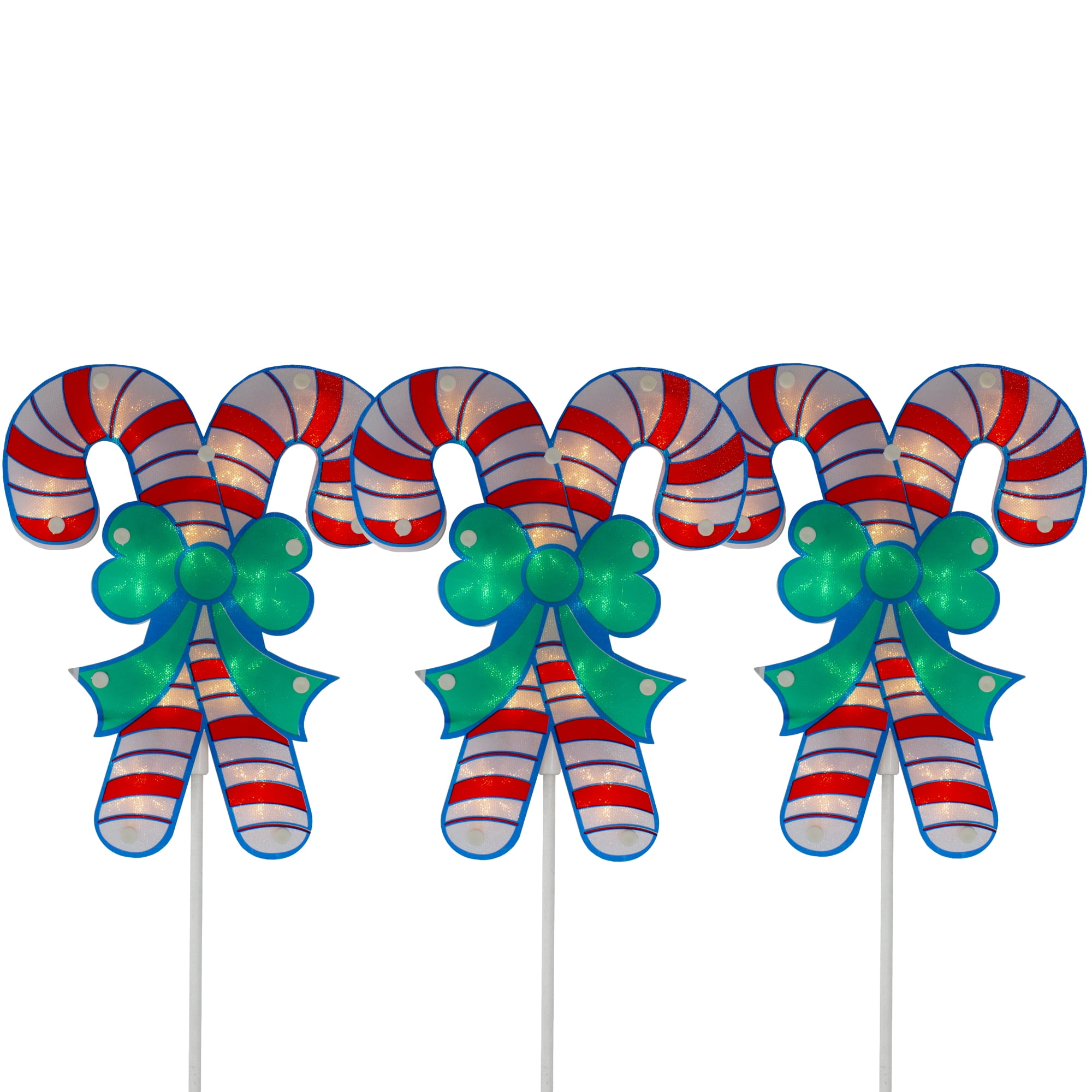 Sweeten up your holiday decor with these candy cane pathway markers. You can create your own wonderland by effortlessly adding lighting in a unique and modern way. Perfect for driveways or any area of your yard that needs a special holiday touch. Product Features: Color: clear. Number of bulbs per candy cane: 12. Number of bulbs throughout set: 36. Bulb size: mini. Spacing between each candy cane: 12". Lighted string length: 39". Total string length: 5.5′. 24" white lead cord. Additional Product Features: UL certified and approved for indoor or outdoor use. If one bulb burns out, the rest will stay lit. Contains 1 plug with end connector which allows you to stack multiple lighted items together (210-watt max). Dimensions: All Together Dimensions: 25.5"H x 8"W x 1"D. Candy Dimensions: 10"H x 8"W x 1"D. Pole Dimensions: 13.5" high. Stake Dimensions: 4" high. Material(s): plastic/wire
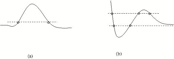 For potential in Fig 1 (a), there are two turning points for all energies. The potential in \Fig1(b) has two turning points for some energies and four turning points for some other energies. Fig below shows a barrier with two turning points for energies $E>0$ and below the barrier height $V_0$.\\
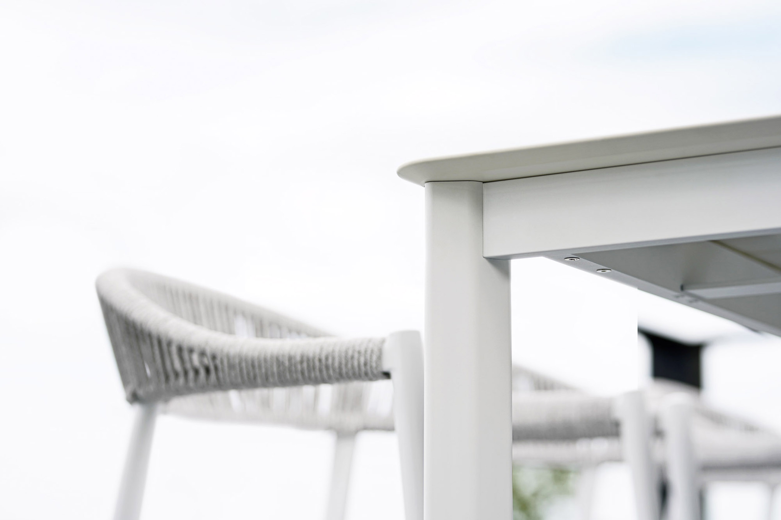 System is a collection of tables with an essential design, based on regular lines, slender thicknesses and rounded edges. The purity of the leg section and the soft and rounded shape of the tops give shape to a light and robust silhouette, perfect for decorating gardens, terraces, balconies or verandas in both residential and contract settings.
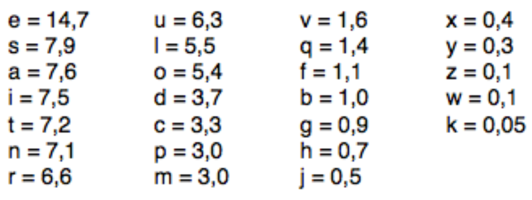 Décodage par attaque statistique : pour découvrir la permutation utilisée, on effectue un relevé statistique. En effet en français la répartition des lettres est la suivante :
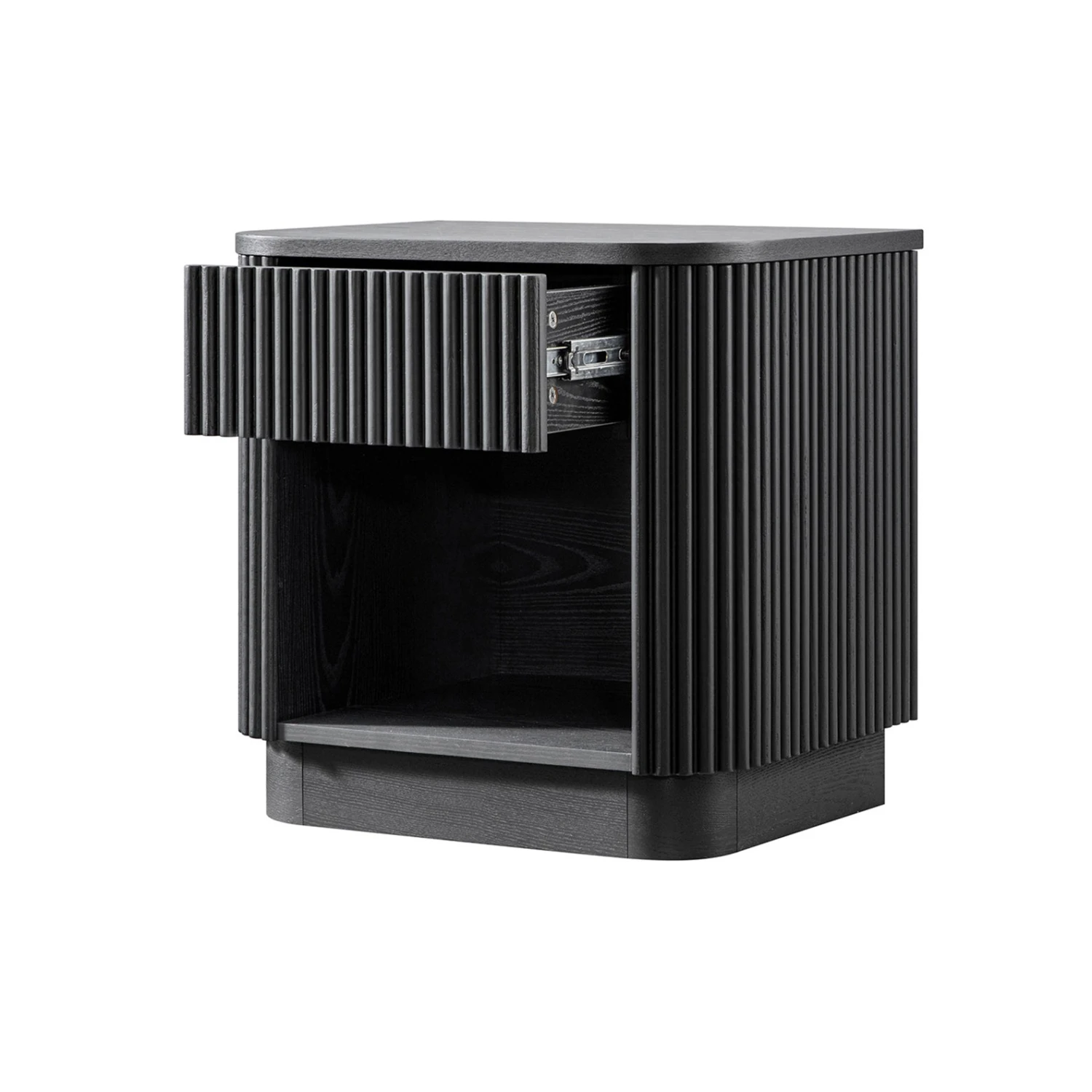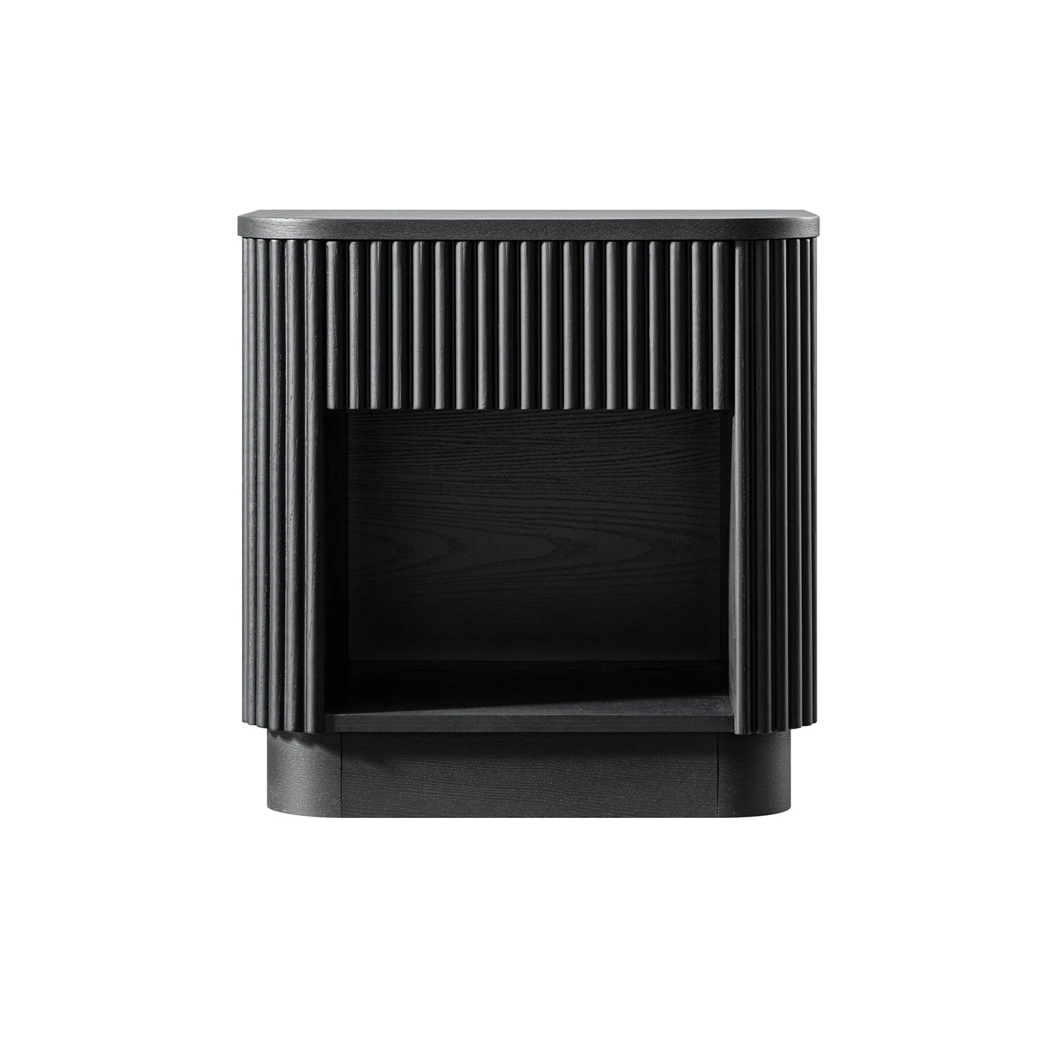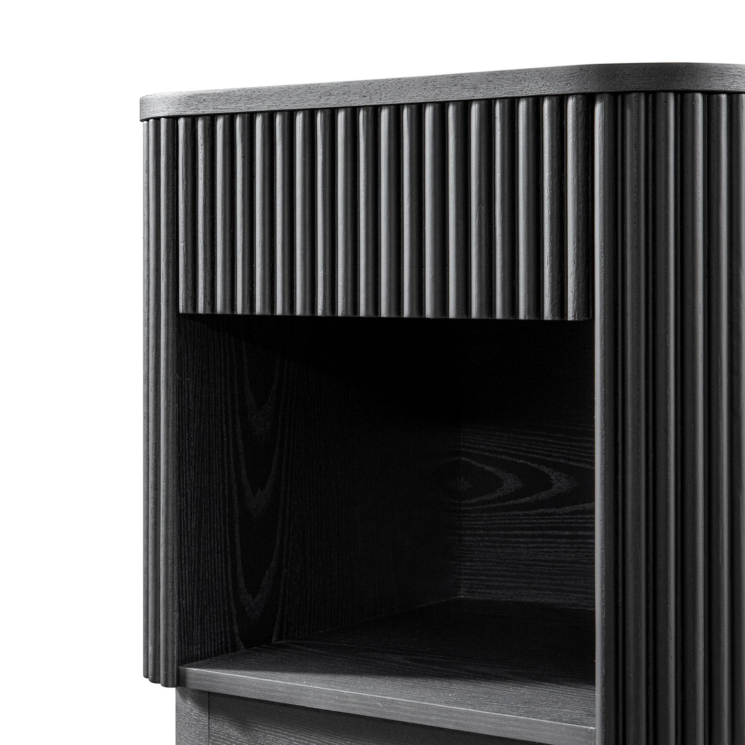 - The bedside table features all solid oak flutes on 3 vertical surfaces, including the front and both sides, for a striking and balanced look.

Exercise instructions.
Everything from the line containing "System is a" through the last line of the listing above must be output exactly, except the pictures.

Result of this task.
 System is a collection of tables with an essential design, based on regular lines, slender thicknesses and rounded edges. The purity of the leg section and the soft and rounded shape of the tops give shape to a light and robust silhouette, perfect for decorating gardens, terraces, balconies or verandas in both residential and contract settings.
 Décodage par attaque statistique : pour découvrir la permutation utilisée, on effectue un relevé statistique. En effet en français la répartition des lettres est la suivante :
 - The bedside table features all solid oak flutes on 3 vertical surfaces, including the front and both sides, for a striking and balanced look.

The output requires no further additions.